Visit Sarajevo? No, listen to Sarajevo

For years I wanted to go. Years in which I had heard about the city through newspapers, television or songs.
Curiosity grew and created a sort of attraction that I still do not know right now or ethically correct, but I find it undeniable.
Accustomed to the thousand European capitals boasting unparalleled monuments and beauties all over the world, the approach to Sarajevo (capital of Bosnia Erzigovina) must be different.
Here, there are no monuments capable of letting open, here there are no artistic beauties that seduce tourists, or such dimensions that require visiting days …
Here is the liveliness of a city that has suffered violence, death and destruction.
And although he does not want to be right, I wanted to go to Sarajevo to see all this with my eyes, and I wonder if the charm that emanates from this city is so strong to me because of his (tragic) story or hiding even a ‘Different soul.
Sarajevo is not just its past, but I will not deny that without its history, perhaps, I would not have tried to know it so quickly.
And here’s my opinion. Listen to Sarajevo.

Listen to what is meant for a city that today reaches 700,000 day residents, but only 500,000 residents (these numbers reported by the local guide) remain closed and isolated in themselves during the 1992-1995 Serbian siege.
Listen to the voice of a young man 22 telling how his mother in 1992 would leave a 3-year-old child (brother) and a baby in her own (ONLY) ONLY to go looking for water to survive.
Listen to the young man’s pride in saying, “Yes, my father could have brought us all to Croatia, but he preferred going to fight in the back of the country.”
Listening to how life in a besieged city surrounded by military forces was impossible nowadays as it became a luxury.
Listen to what it means to be in one’s own city without having the freedom to live without being able to move, without forgetting that the army is around, and will not shoot at other soldiers, but shoot directly to civilians.

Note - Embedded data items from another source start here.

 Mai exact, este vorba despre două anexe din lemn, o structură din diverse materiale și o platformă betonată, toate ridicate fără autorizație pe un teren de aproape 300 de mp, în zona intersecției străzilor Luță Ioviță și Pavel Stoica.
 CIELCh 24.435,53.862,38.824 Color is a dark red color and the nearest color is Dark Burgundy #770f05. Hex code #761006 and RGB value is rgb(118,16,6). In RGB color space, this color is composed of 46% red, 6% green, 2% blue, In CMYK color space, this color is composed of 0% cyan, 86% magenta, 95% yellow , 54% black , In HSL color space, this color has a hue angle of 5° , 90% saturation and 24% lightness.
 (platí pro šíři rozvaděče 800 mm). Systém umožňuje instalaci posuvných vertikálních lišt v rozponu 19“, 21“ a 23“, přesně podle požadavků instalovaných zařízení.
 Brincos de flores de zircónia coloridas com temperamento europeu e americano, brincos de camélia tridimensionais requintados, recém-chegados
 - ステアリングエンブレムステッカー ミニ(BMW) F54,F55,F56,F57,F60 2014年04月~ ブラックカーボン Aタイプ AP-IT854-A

… Listen to what it’s like to be afraid of dying simply by walking down the road.
Only by listening you can make sense to the cemeteries you will see in every corner of the city.
“We were locked in our town, and the Serbs killed people but we did not know where to bury them since we could no longer leave and the cemeteries were in the areas occupied by the Serbs. So for the sake of things we had to bury our dead in urban areas. Gardens, parks, soccer fields and everything else on earth. ” Sometimes you will see a garden of 3 meters for 4 turned into an open graveyard.

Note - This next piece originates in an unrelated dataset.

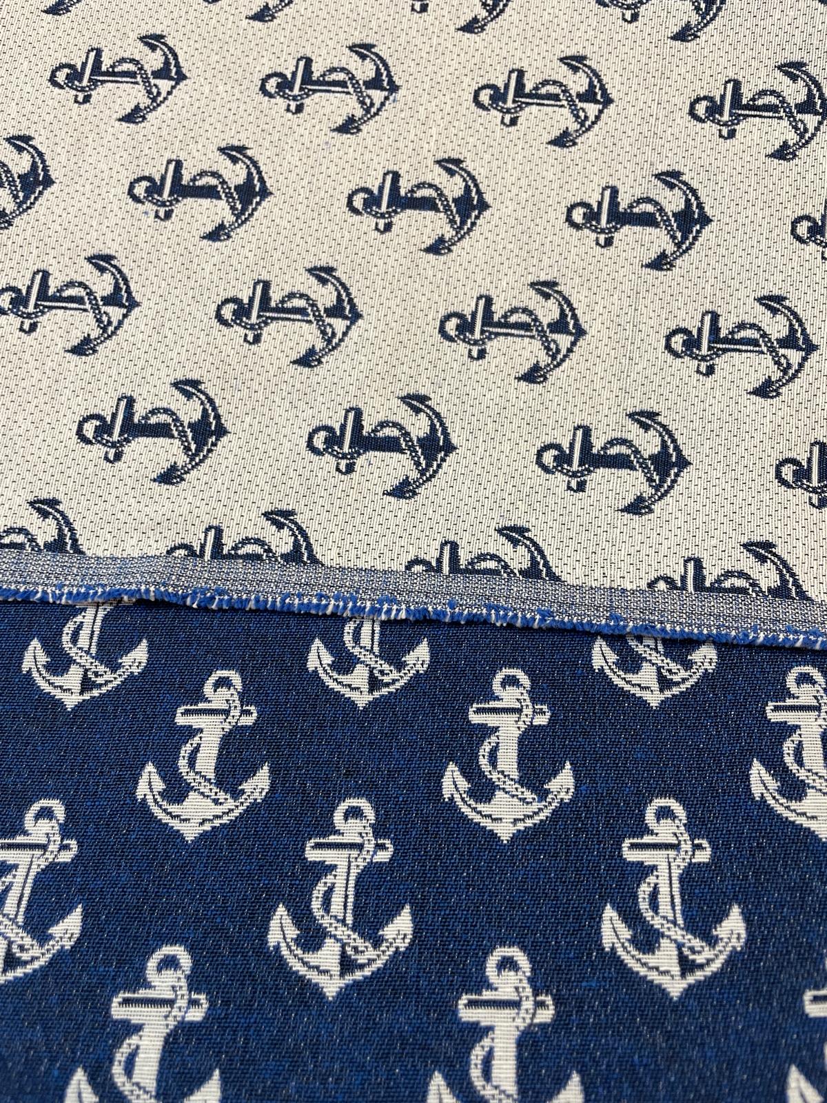 Dieser maritime Gobelin-Stoff mit Ankermotiv besticht durch sein zeitloses Design und seine außergewöhnliche Vielseitigkeit. Dank der aufwendigen Jacquard-Webtechnik ist dieser Stoff beidseitig verwendbar, was Ihnen zwei vollwertige Designoptionen in einem Textil bietet. Auf der einen Seite erscheinen die detaillierten Anker in kräftigem Marineblau auf naturfarbenem Grund, während die Abseite das Motiv in Cremeweiß auf tiefblauem Untergrund zeigt. Die typische, schwere Gobelin-Qualität verleiht dem Gewebe eine hohe Strapazierfähigkeit und eine wertige, griffige Haptik.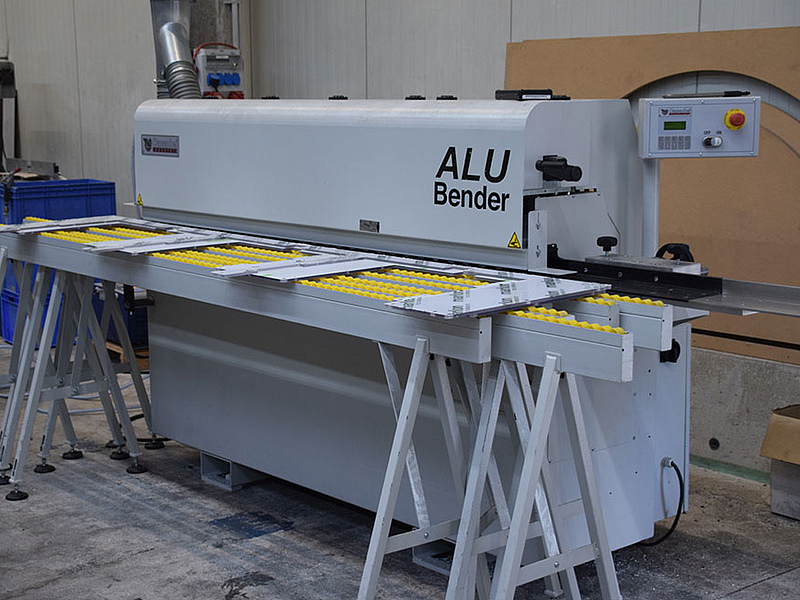 Zu diesem Zweck haben wir den Casadei AluBender in unseren Maschinenpark integriert. Einfaches oder doppeltes Umlegen von Kanten sowie eine Z-Kantung sind nun als Option zu den offenen Schnitt- bzw. Fräskanten möglich. Auch die Bearbeitung von HPL Platten mit Radien beidseits in einem Arbeitsschritt ist möglich. Eine schnelle und dadurch kostengünstige Alternative z.B. für Innenausbau, Möbelteile, Outdoor-Tische, Tischplatten etc.

(The Serbs applied a “tactic” to create stress in the population. Once the city was siege and surrounded the territories, they shot at random on civilians from their stations to kill them.
Random! It was important for them to collapse, not just physically, but above all psychologically).
Only by listening you will discover the history of the Sarajevo tunnel.
A complex story that starts from a simple base: “The city was under siege, we no longer had food, but the only area where life was happening normally was Hrasnica, a village bordering the city but we could not Arrive because there were the Serbs all around. Then, with the help of NATO, we built a tunnel linking the only free zone in the center of Sarajevo. Thousands of people have been saved thanks to that tunnel. ”
(The tunnel was built underground by the inhabitants of the city to allow food supplies and allow many to leave the city. Today, it is possible to visit a 25-meter open section for the public, subject to payment. Inhabitants call it “Life Tunnel”).
Only by listening you will discover the story of “Romeo and Juliet” in Sarajevo.
Two boys. Young. Lovers. Quite a lot. Residents of the Grbavica district who despaired and with the dream of being able to get to the tunnel to find freedom began to run.
To run on the bridge that would take them to the city and then to the tunnel …
And the photo of their bodies no longer lived around the world. And their bodies were left there, visible to all, lifeless, for seven days.
(Grbavica is the northern neighborhood near the mountains that was totally occupied by the Serbs and iron and fire.) Typing on Google image Grbavica you will see how this district was destroyed in its entirety, the most representative district of Sarajevo in war time.
Just listening yes … But do not think you understand. Understanding this is not allowed in a simple human mind, or perhaps it is not for me. Today, Sarajevo has almost rebuilt all the war-torn buildings. It is modern and contemporary, with a new soul that looks to the future. But a past like this can never be deleted and listening to it is an experience that will hardly leave you equal before. Also for this, it must be done.